I was only going 35 mph, but slowed down and stopped a good ten feet from whatever it was that blocked me. 

It was a blue heron (I didn’t know at the time, I had to look it up later) standing smack on the double line in the middle of the road, and it was staring directly at me. The tall bird didn’t ever avert its gaze but seemed to regard me with stern disapproval. More likely the heron, having binocular vision, saw my car and decided an automobile might be too large a fish to spear with its long yellow beak. But it was a regal bird! Standing fully erect, it could have been five feet tall. A pair of black plumes right above its eyes extended back along its whitish head. I suppose the heron couldn’t help that its eyes, set on each side of the head but forward looking, gave this unsmiling impression. But I knew that, in a sense, it was my mother. She may have been telling me to buck up, to avoid dwelling on mourning in future. I would like to think of her that way, as this heron, that suddenly lifted itself up into the air. I had to make a left turn, and another to get back on a main road, and as I made the second left I saw the blue heron, its massive wings flapping slowly, flying high above and over the road as I drove, on its way to the marsh. 

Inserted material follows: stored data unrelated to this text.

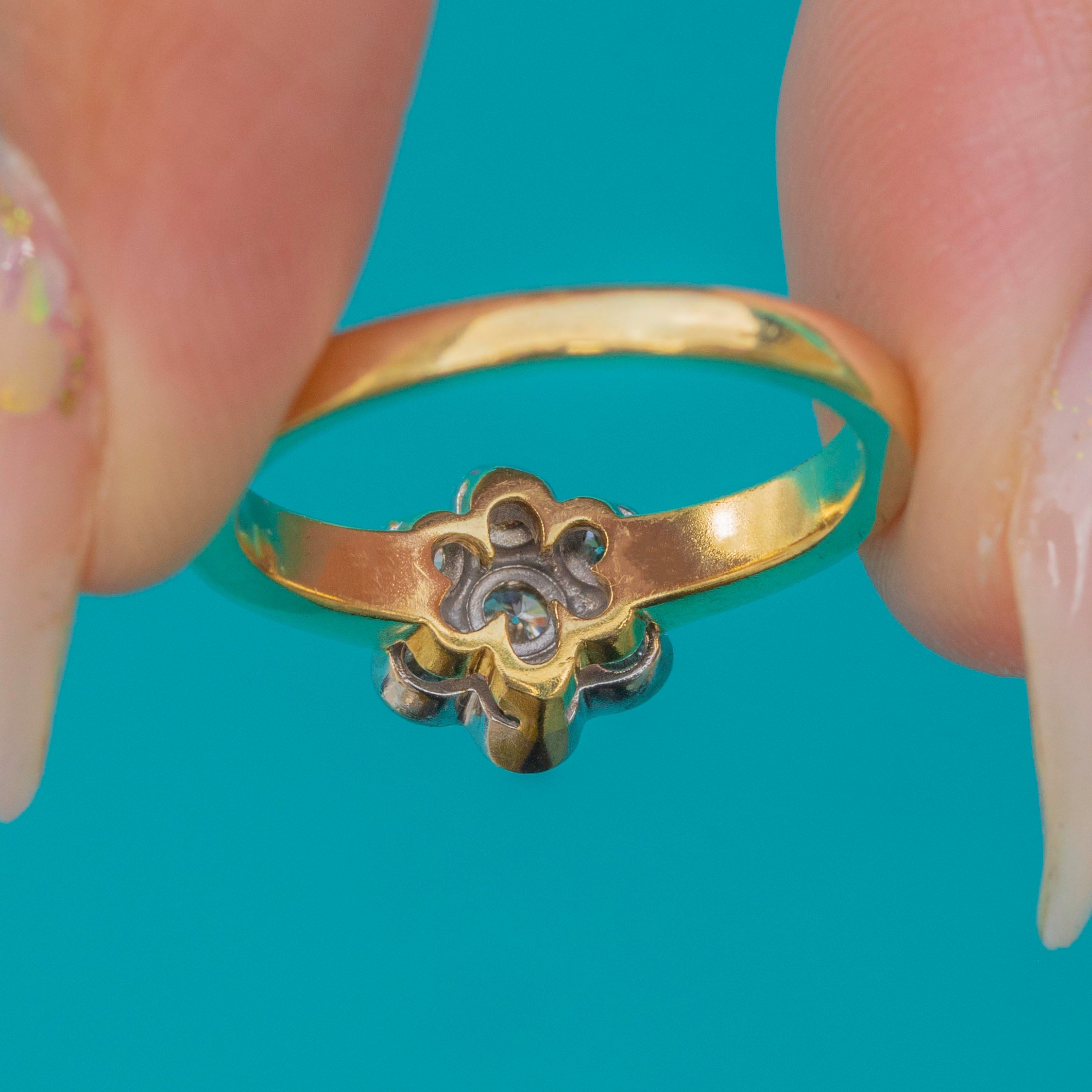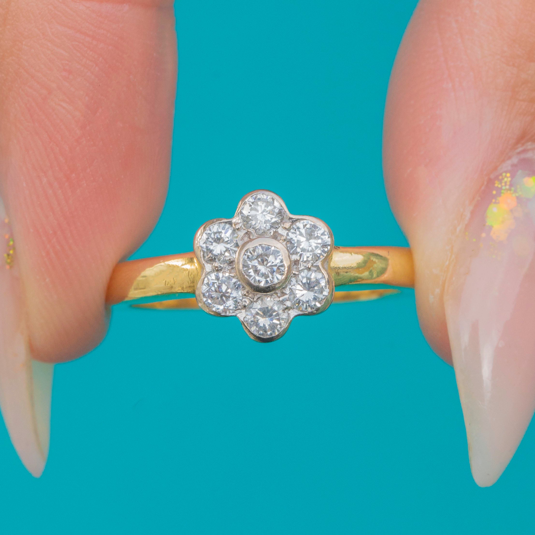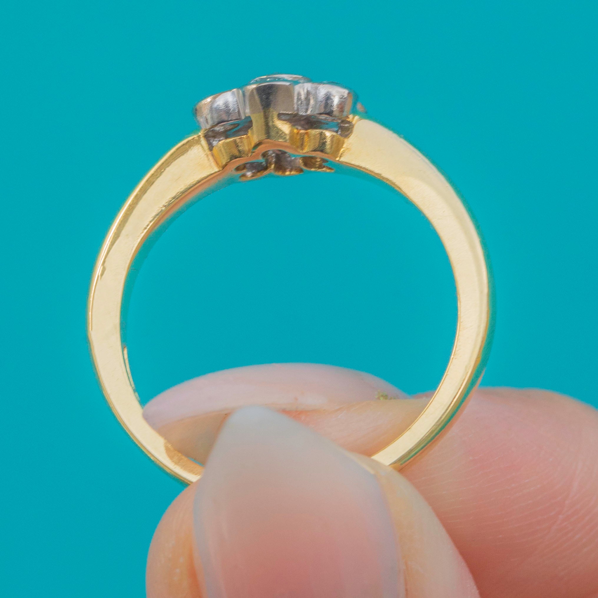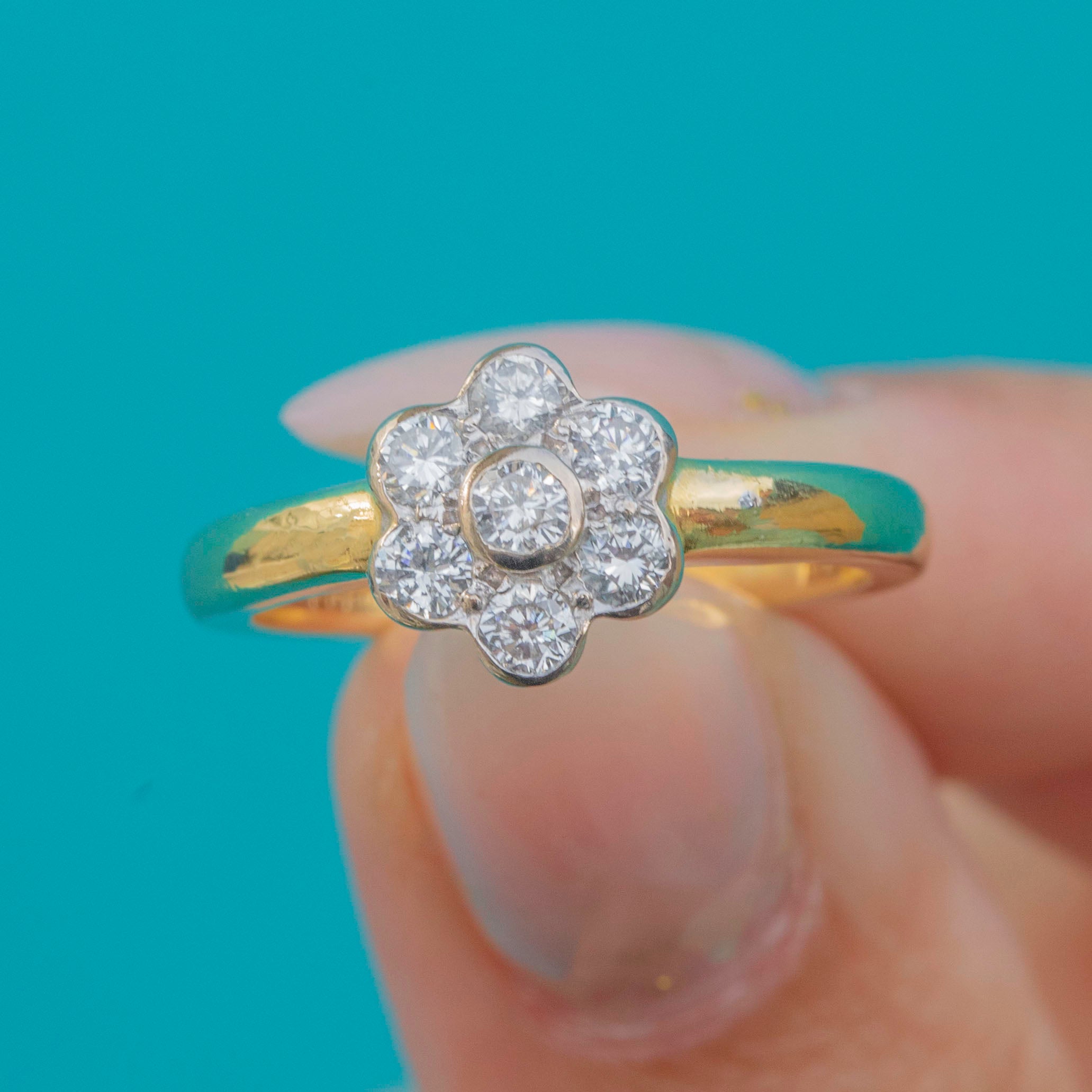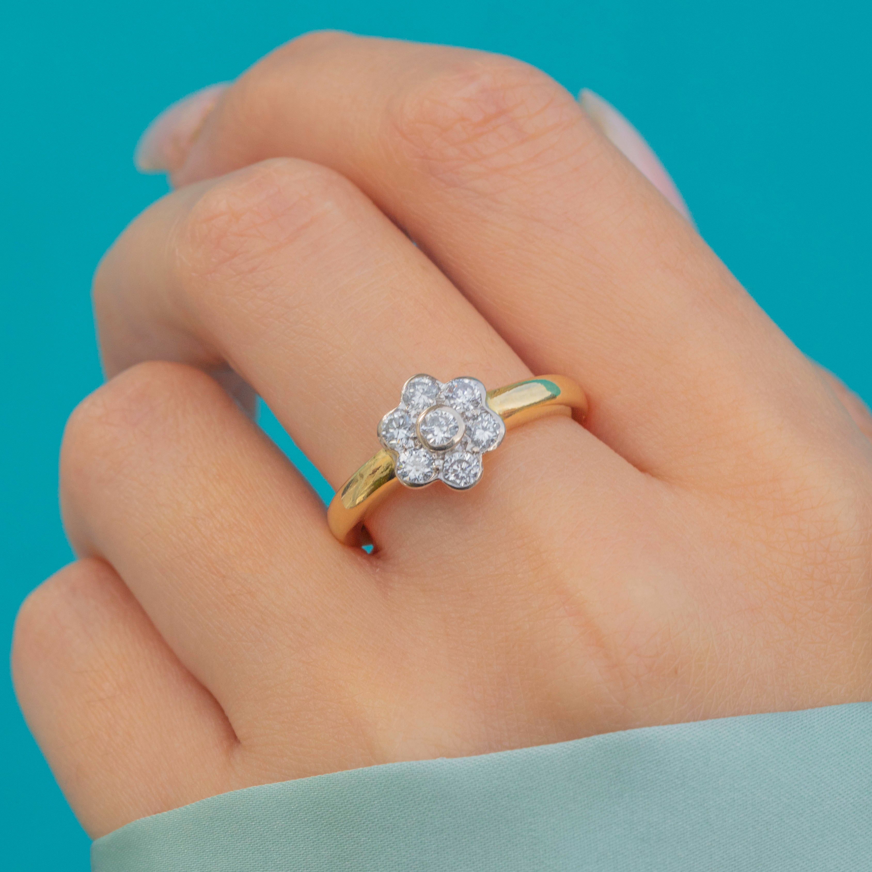 A timeless vintage flower cluster ring, set with bright, sparkling Diamonds totalling 0.50ct. The design has a wonderfully classic feel – a crisp cluster head that catches the light from every angle, set on a polished 18ct Gold band.
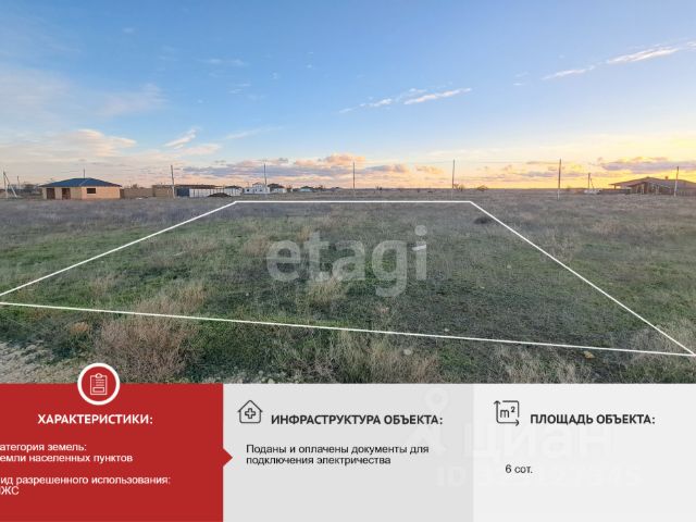 Продам земельный участок 6 соток, с. Уютное на пересечении ул. Айвазовского и 9 Мая, на закрытой территории, в районе Песчанки, 10 км до Евпатории.
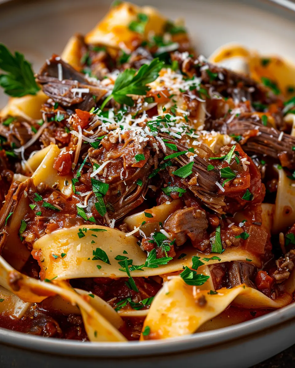 - Cook the pappardelle pasta according to package instructions; drain and combine with the ragu.
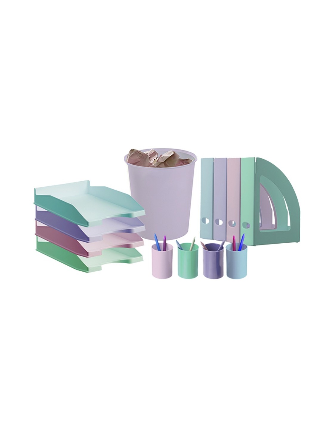 Bandeja de sobremesa sostenible Archivo 2000 Ecogreen pastel. Fabricado en poliestireno 100% reciclado y reciclable. Válida para formatos A4 y folio. Apilable en 3 posiciones, de forma vertical o escalonadamente. Hendidura frontal para facilitar el acceso a la documentación. Color verde pastel. Medidas exteriores: 345x255x60 mm. Fabricado en España.
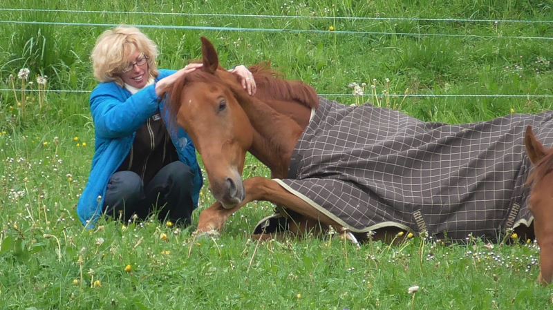 Natalie versucht Gitan auf der Weide aufzuwecken... rechts sein älterer Bruder Prince (Foto: MM)
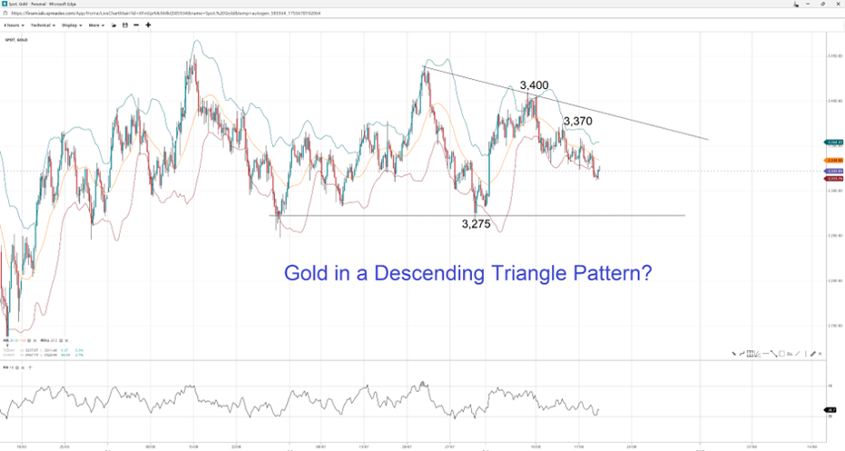 Gold prices are lower than they were at the start of the week as traders balance out positive news on the geopolitical front against the risk of a hawkish commentary from Fed officials towards the end of the week. RSI is still above 30, suggesting there could be more room for a downward move, as a potential triangle pattern could be incomplete. The yellow metal could find support at the round $3300 handle before heading to the latest swing low at $3275. A turn to the upside could find resistance at $3370, a minor top formed just ahead of the start of Ukraine peace talks. The next resistance level is at the August high at $3400.

I’ve always felt that truth is far stranger than any fiction. Stranger and more wonderful. The experience was almost unbelievable to me, but watching the heron lift itself up and fly majestically away–that’s how, in part, I want to remember my mother, liberated. Free. She’d done her job, which was to show me how to die when my time comes, and I’m no longer as afraid of my mortality.

We come into the world and take a breath, and that spirit leaves us for heaven or parts unknown when we exhale our last. We don’t disappear completely. I think we rise, somehow.

4 thoughts on “The Blue Heron, Part II

  1. What a beautiful and well written memoir of your relationship between you and your mother’s final time spent together. The tears came as I read about the Blue Heron. Thank you for sharing. You are very talented. Keep writing!!!